Task objective —
When you retype the data, keep every word exactly and include none of the pictures.

Data —
◇ ◇ ◇ ◇ ◇
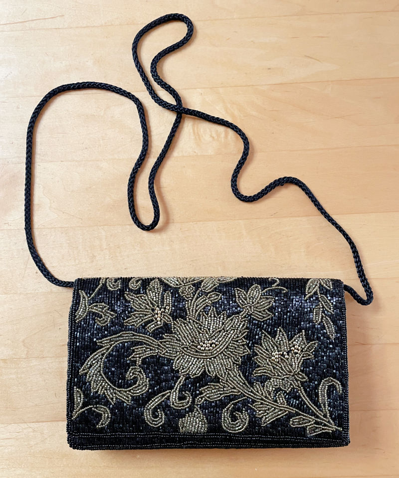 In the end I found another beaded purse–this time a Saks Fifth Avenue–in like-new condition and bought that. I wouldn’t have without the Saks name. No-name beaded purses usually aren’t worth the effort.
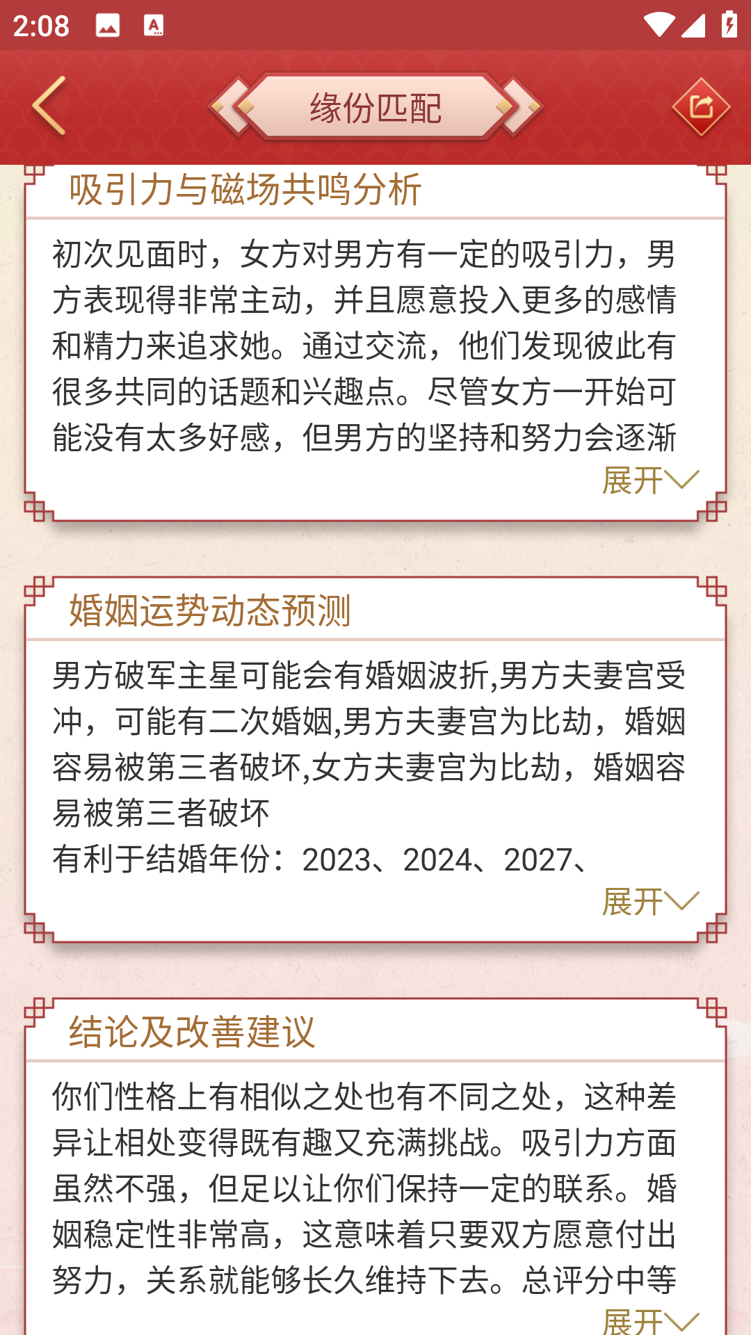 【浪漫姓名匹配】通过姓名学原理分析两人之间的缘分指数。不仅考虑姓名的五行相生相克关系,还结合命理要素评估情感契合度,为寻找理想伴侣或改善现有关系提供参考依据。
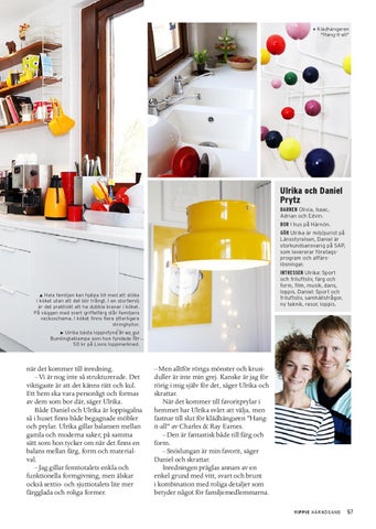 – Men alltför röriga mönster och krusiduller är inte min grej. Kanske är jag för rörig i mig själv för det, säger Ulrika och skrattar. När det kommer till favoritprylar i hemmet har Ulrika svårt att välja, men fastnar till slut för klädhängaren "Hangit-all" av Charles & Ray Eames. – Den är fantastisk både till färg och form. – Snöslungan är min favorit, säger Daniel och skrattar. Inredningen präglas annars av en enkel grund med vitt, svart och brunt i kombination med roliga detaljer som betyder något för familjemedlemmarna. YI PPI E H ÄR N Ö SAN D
◇ ◇ ◇ ◇ ◇
Solved problem —
 In the end I found another beaded purse–this time a Saks Fifth Avenue–in like-new condition and bought that. I wouldn’t have without the Saks name. No-name beaded purses usually aren’t worth the effort.
 【浪漫姓名匹配】通过姓名学原理分析两人之间的缘分指数。不仅考虑姓名的五行相生相克关系,还结合命理要素评估情感契合度,为寻找理想伴侣或改善现有关系提供参考依据。
 – Men alltför röriga mönster och krusiduller är inte min grej. Kanske är jag för rörig i mig själv för det, säger Ulrika och skrattar. När det kommer till favoritprylar i hemmet har Ulrika svårt att välja, men fastnar till slut för klädhängaren "Hangit-all" av Charles & Ray Eames. – Den är fantastisk både till färg och form. – Snöslungan är min favorit, säger Daniel och skrattar. Inredningen präglas annars av en enkel grund med vitt, svart och brunt i kombination med roliga detaljer som betyder något för familjemedlemmarna. YI PPI E H ÄR N Ö SAN D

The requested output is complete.